> [SOURCE RECORDS]:

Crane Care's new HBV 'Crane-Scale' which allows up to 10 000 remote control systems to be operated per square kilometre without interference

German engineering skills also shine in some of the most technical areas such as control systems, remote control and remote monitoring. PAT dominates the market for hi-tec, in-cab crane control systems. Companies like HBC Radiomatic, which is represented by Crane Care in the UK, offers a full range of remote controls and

* * *

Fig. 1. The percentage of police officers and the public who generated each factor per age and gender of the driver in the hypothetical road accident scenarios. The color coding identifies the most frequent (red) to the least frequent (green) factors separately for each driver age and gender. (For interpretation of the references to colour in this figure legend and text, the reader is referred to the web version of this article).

> [GOAL OF THE EXERCISE]:
Go through the data above and find the lines with the word "Crane". Copy each of those lines.

> [TASK RESULT]:
Crane Care's new HBV 'Crane-Scale' which allows up to 10 000 remote control systems to be operated per square kilometre without interference
German engineering skills also shine in some of the most technical areas such as control systems, remote control and remote monitoring. PAT dominates the market for hi-tec, in-cab crane control systems. Companies like HBC Radiomatic, which is represented by Crane Care in the UK, offers a full range of remote controls and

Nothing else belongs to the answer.